The Giants entered the series in first place, one game ahead of the third-place Braves. However, in the first game, on Friday night, April 28, the Braves defeated the Giants behind the seemingly ageless Warren Spahn. Just seven months earlier, on September 16, 1960, the 39-year-old Spahn had tossed his first career no-hitter, blanking the Phillies, 4-0, in Milwaukee. Now, just past his 40th birthday, Spahn threw his second no-hit gem, giving the Braves a 1-0 victory. It was the 290th win of his illustrious career.
The next afternoon, offense ruled the day, and this time the Giants’ bats were potent, as the team collected 15 hits in support of their ace, Marichal. As Marichal allowed three runs and eight hits in a complete-game win, the Giants blasted five home runs, four off Braves starter Bob Buhl and one off Don McMahon, and crushed the Braves, 7-3. The next day would be the series tiebreaker – and Mays would take center stage.
On Sunday, April 30, a crowd of 13,114 was on hand to witness the historic performance.1 Milwaukee’s starting pitcher was Lew Burdette. With 146 wins for the Braves, the right-handed Burdette was a mainstay in the rotation, a fierce and talented competitor. Today, however, was not to be his day. The Giants’ Chuck Hiller singled to open the game, but was quickly erased on a double play. That brought Mays to the plate. Over the first two games of the series, Mays had gone 0-for-7, leaving him with a .291 batting average for the young season; he’d hit two home runs and driven in six runs. While those numbers might have been acceptable after 15 games for a mortal player, for Mays it constituted a slow start. Indeed, after the game Mays claimed that he’d been in a slump. “I couldn’t hit the ball hard before,” he said. “But before today’s game I had an idea I was going to snap out of it. I was about due to do something.”2
Indeed he was. Burdette threw a fastball, and Mays drilled it 420 feet to deep center field, where it cleared the fence, staking the Giants to a 1-0 lead.

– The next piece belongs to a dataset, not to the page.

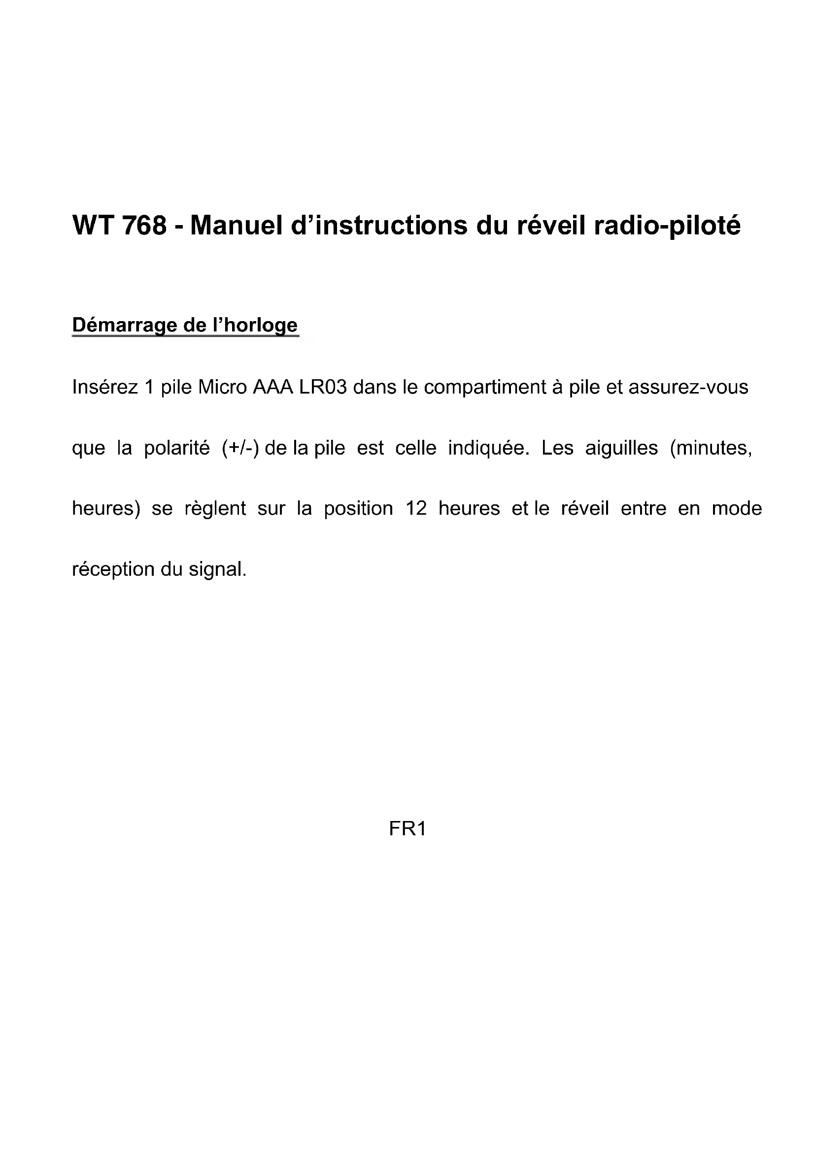 Batterie-Sicherheitshinweise x Verwenden Sie nur Alkali-Batterien, keine wiederaufladbaren Batterien. x Legen Sie die Batterien unter Beachtung der Polarität (+/-) richtig ein. x Ersetzen Sie stets einen vollständigen Batteriesatz. x Mischen Sie niemals alte und neue Batterien. x Entfernen Sie erschöpfte Batterien sofort. x Entfernen Sie die Batterien bei Nichtnutzung. x Laden Sie die Batterien nicht auf und werfen Sie sie nicht ins Feuer. Sie könnten explodieren. x Bewahren Sie die Batterien nicht in der Nähe von Metallobjekten auf,DE11 da ein Kontakt einen Kurzschluss verursachen kann. x Setzen Sie Batterien keinen hohen Temperaturen, extremer Feuchtigkeit oder direktem Sonnenlicht aus. x Bewahren Sie Batterien außerhalb der Reichweite von Kindern auf. Verschlucken der Batterien kann zum Ersticken führen. Verwenden Sie das Produkt ausschließlich für den vorgesehenen Zweck! Hinweispflicht nach dem Batteriegesetz Altbatterien gehören nicht in den Hausmüll. Wenn Batterien in die Umwelt gelangen, können diese Umwelt- und Gesundheitsschäden zur Folge haben. Sie können gebrauchte Batterien unentgeltlich bei ihrem Händler und Sammelstellen zurückgeben. Sie sind als Verbraucher zur RückgabeDE12 von Altbatterien gesetzlich verpflichtet! Hinweispflicht nach dem Elektronikgerätegesetz Laut Elektro- und Elektronikgerätegesetz (ElektroG) gehört Elektroschrott nicht in den Hausmüll, sondern ist zu recyceln oder umweltfreundlich zu entsorgen. Entsorgen Sie ihr Gerät in einen Recycling Container oder an eine lokale Abfallsammelstelle.EN1 WT 768 - Radio controlled alarm clock instruction manual Start the clock Insert 1 x Micro AAA LR03 battery into the battery compartment and make sure the battery polarity (+/-) is as indicated. The hands (minute, hour) are adjusting to 12 o’clock position and the alarm clock enters into signal reception mode.EN2 Signal reception mode The time base for the radio controlled time is a Cesium Atomic Clock operated by the Physikalisch Technische Bundesanstalt Braunschweig which has a time deviation of less than one second in one million years. The time is coded and transmitted from Mainflingen near Frankfurt via frequency signal DCF-77 (77.5 kHz) and has a transmitting range of approximately 1,500 km. The radio controlled alarm clock receives this signal and converts it to show the precise time in summer or wintertime.EN3 Environmental reception effects The clock obtains the accurate time with wireless technology. Same as all wireless devices, the reception is maybe affected by the following circumstances: x long transmitting distance x nearby mountains and valleys x near freeway, railway, airports, high voltage cable etc. x near construction site x among tall buildings x inside concrete buildingsEN4 x near electrical appliances (computers, TV’s, etc) and metallic structures x inside moving vehicles Place the clock at a location with optimal signal, i.e. close to a window and away from metal surfaces or electrical appliances. a. Automatic signal reception: The automatic signal reception starts by inserting the battery. After 2 to 5 minutes the hands will be adjusted to the correct radio controlled time according to the DCF-77 reception signal. Then, t he time will calibrate severalEN5 times a day with the DCF-77 signal reception signal (also independent setting of summer- and winter time). b. Manual signal reception: Press and hold the REC button longer than 3 seconds to start the manual signal reception. The hands (minute, hour) are adjusting to 12 o’clock position and the clock enters into signal reception mode. If the signal is successfully received, the hands adjust automatically to the correct radio controlled time. This procedure takes approximately 2 to 5 minutes. If the signal reception is failed, the alarm clock takes the previously set time again . After the next successful signalEN6 reception the time will be adjusted to the correct radio controlled time according to the DCF-77 reception signal. Note: The DCF-77 reception is only available in Europe. Manual time setting Press and hold the M.SET button until the desired time is set. Alarm time setting Turn the alarm set knob in indicated direction until the desired alarm time is set.EN7 Turn on/ off the alarm Turn the ON/OFF switch to the ON position, the alarm will ring with a beep alarm when the set alarm time is reached. Turn it to the OFF position, the alarm will not ring. Note: If the alarm is not interrupted or turned off, it stops automatically after 2 minutes and rings again after 12 hours. Snooze alarm & light Press the SNOOZE/LIGHT button (at the top of the case) to activate the snooze alarm after 5 minutes and turn on the light.EN8 Reset If the clock shows an incorrect time or after changing the battery, press the RESET button on the case back panel to re-start the alarm clock. The hands (minute, hour) are adjusting again to 12 o’clock position and the clock enters into signal reception mode. In successful signal reception the time will be adjusted to the correct radio controlled time according to the DCF-77 reception signal. Precautions x This main unit is intended to be used only indoors. x Do not subject the unit to excessive force or shock.EN9 x Do not expose the unit to extreme temperatures, direct sunlight, dust or humidity. x Do not immerse in water. x Avoid contact with any corrosive materials. x Do not dispose this unit in a fire as it may explode. x Do not open the inner back case or tamper with any components of this unit. Batteries safety warnings x Use only alkaline batteries, not rechargeable batteries. x Install batteries correctly by matching the polarities (+/-). x Always replace a complete set of batteries. x Never mix used and new batteries. x Remove exhausted batteries immediately. x Remove batteries when not in use.EN10 x Do not recharge and do not dispose of batteries in fire as the batteries may explode. x Ensure batteries are stored away from metal

Pitching for the Giants was veteran right-hander Billy Loes. Loes was the perfect hurler to face the Braves. In 12 previous decisions vs. Milwaukee, he was 11-1; his only defeat had come in 1953. Early on, however, it appeared that Loes might be in store for his second loss to the Braves. In the bottom of the first, with one out and two men on, Hank Aaron drilled a home run to put Milwaukee ahead 3-1. Yet, using a very effective changeup, Loes recorded the next two outs without incident.
Neither team scored in the second inning. To start the third, Burdette faced light-hitting José Pagán, who in his 113 major-league at-bats had amassed just 23 hits (a .204 batting average), none a home run. On any other day, in the absence of Mays’ heroics, Pagan would have been the game’s star. He hit his first major-league home run in the third and cut the Braves’ lead to 3-2. Burdette retired the next two batters, but then hit Jim Davenport with a pitch. That again brought Mays to the plate, and he drove a Burdette sinker 400 feet for his second home run of the game. With the damage done, Burdette retired McCovey on a groundout. The Giants now led, 4-3.
From there, Loes once again proved a Braves killer. Down in order went Milwaukee in the bottom of the third. As the fourth inning began, Burdette had to face another slugger, Orlando Cepeda, to start the inning. In the previous day’s Giants slugfest, Cepeda had contributed one of San Francisco’s four homers off Bob Buhl. Now he did the same to Burdette, and increased the Giants’ lead to 5-3. Perhaps mercifully, Burdette’s afternoon was ended.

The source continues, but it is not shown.